Supplied information:

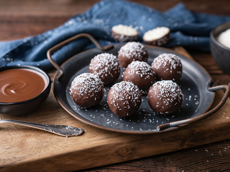 Yapılışı: Hindistan cevizi ile sütü karışıtın. Toplar haline getirerek soğumaya bırakın. Soğuyan topları benmaride erittiğiniz çikolataya batırın ve soğuduktan sonra servis edin. Yoğunlaştırılmış süt yerine krema ile balı çırpabilirsiniz ya da labne, krem peynir karışımı ekleyebilirsiniz. Afiyet olsun.
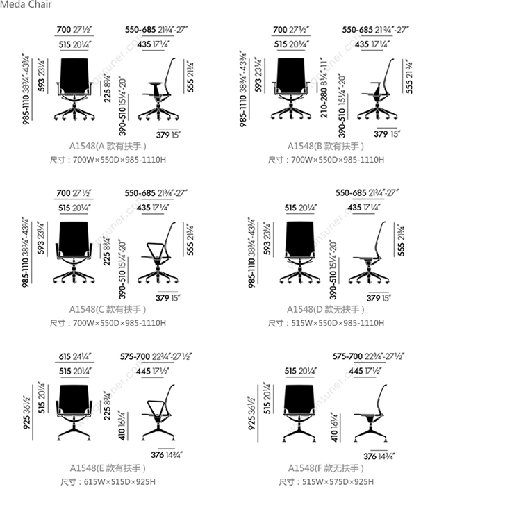 Meda 职员椅 系列尺寸/示意图
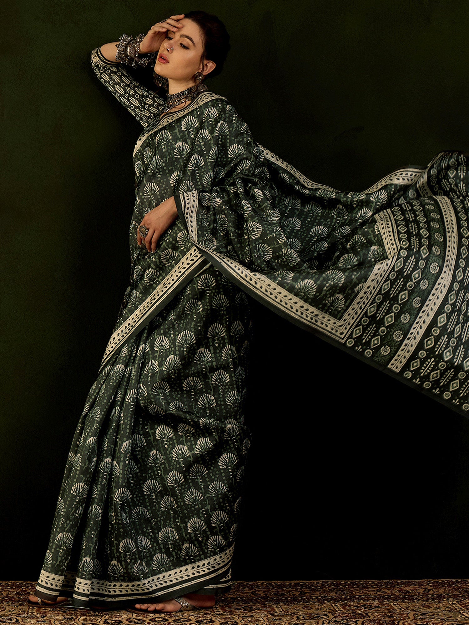 Women's Bhagalpuri Silk Dark Green Printed Designer Saree With Blouse Piece
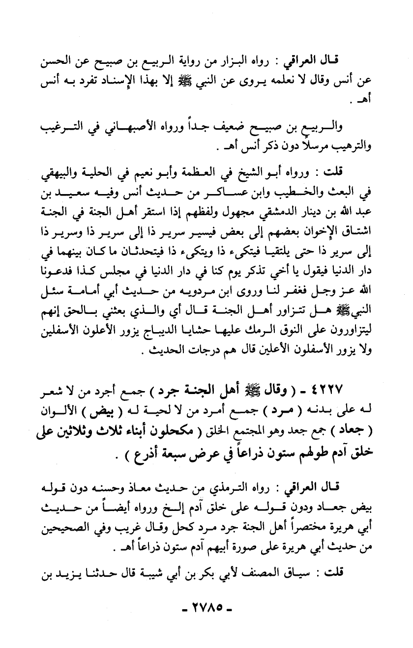 4227 - (وقال - صلّى الله عليه وسلم - أهل الجنة جرد) جمع أجرد من لا شعر له على بدنه (مرد) جمع أمرد من لا لحية له (بيض) الألوان (جعاد) جمع جعد وهو المجتمع الخلق (مكحلون أبناء ثلاث وثلاثين على خلق آدم طولهم ستون ذراعاً في عرض سبعة أذرع).

Work instructions: Please copy the data shown above precisely, leaving the images out.

Completed exercise:
 Yapılışı: Hindistan cevizi ile sütü karışıtın. Toplar haline getirerek soğumaya bırakın. Soğuyan topları benmaride erittiğiniz çikolataya batırın ve soğuduktan sonra servis edin. Yoğunlaştırılmış süt yerine krema ile balı çırpabilirsiniz ya da labne, krem peynir karışımı ekleyebilirsiniz. Afiyet olsun.
 Meda 职员椅 系列尺寸/示意图
 Women's Bhagalpuri Silk Dark Green Printed Designer Saree With Blouse Piece
 4227 - (وقال - صلّى الله عليه وسلم - أهل الجنة جرد) جمع أجرد من لا شعر له على بدنه (مرد) جمع أمرد من لا لحية له (بيض) الألوان (جعاد) جمع جعد وهو المجتمع الخلق (مكحلون أبناء ثلاث وثلاثين على خلق آدم طولهم ستون ذراعاً في عرض سبعة أذرع).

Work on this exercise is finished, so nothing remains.